Multiple-item bounded Knapsack algorithm

2
votes

I have a list of items that each have a price - or in terms of the Knapsack problem, a weight. The number of purchasable items are only limited by a budget, so it is possible to buy as many of each as desirable, as long as the total amount spent isn't over a certain constant. I also have an algorithm that, based on certain variables, tells how profitable each item is (i.e. the value of each item). So basically I have a bounded Knapsack problem with the extra condition that more than one of each item fits into the knapsack.

I want to maximize the profit under these conditions. I understand that there isn't an efficient solution, but is there at least a feasible one?

1
algorithmknapsack-problem
Is a solution that has the same complexity as a standard knapsack feasible?kraskevich
a dp array of size budget will be needed, complexity will be O(budget*(size of item list))sashas

1 Answers

2
votes

Let dp[i] be the maximum profit that can be earned if our budget is i. And cost[j] denote cost of j item and p[j] the profit earned from it. I assume cost[] and profit[] are given. Then following is the code in c++. ( let there be n items ).
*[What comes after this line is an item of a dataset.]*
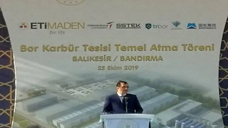 Enerji ve Tabii Kaynaklar Bakanı Fatih Dönmez, "Dünya bor lideri Eti Maden ve yine savunma sanayi alanında faaliyette bulunan özel sektörün katılımıyla TRBOR Bor Teknolojileri A.Ş'yi kurduk. Söz konusu şirkete Eti Maden yüzde 33 pay ile iştirak etti. Tesis ilk etapta yılda bin ton kapasiteyle bor karbür üretimi gerçekleştirecek. Yatırım tutarı 70 milyon dolar olan tesisi 24 ay gibi kısa bir sürede tamamlamayı planlıyoruz. Tesisimizde 250 kişiyi de istihdam edeceğiz" dedi.

  int max_profit(int budget )
  {
       if(budget<=0)
         return 0;
       if(dp[budget]!=-1)return dp[budget];
       int ans=0;
       for(int i=0;i<n;i++)
       {
             if(cost[i]<=budget)
               ans=max(ans,profit[i]+max_profit(budget-cost[i]));
       }
       dp[budget]=ans;
       return ans;
  }
  memset(dp,-1,sizeof(dp));
  cout<< max_profit(budget);

Time Complexity is O(budget*(size of item list )),Memory O(budget). Also I assumed everything fits in int.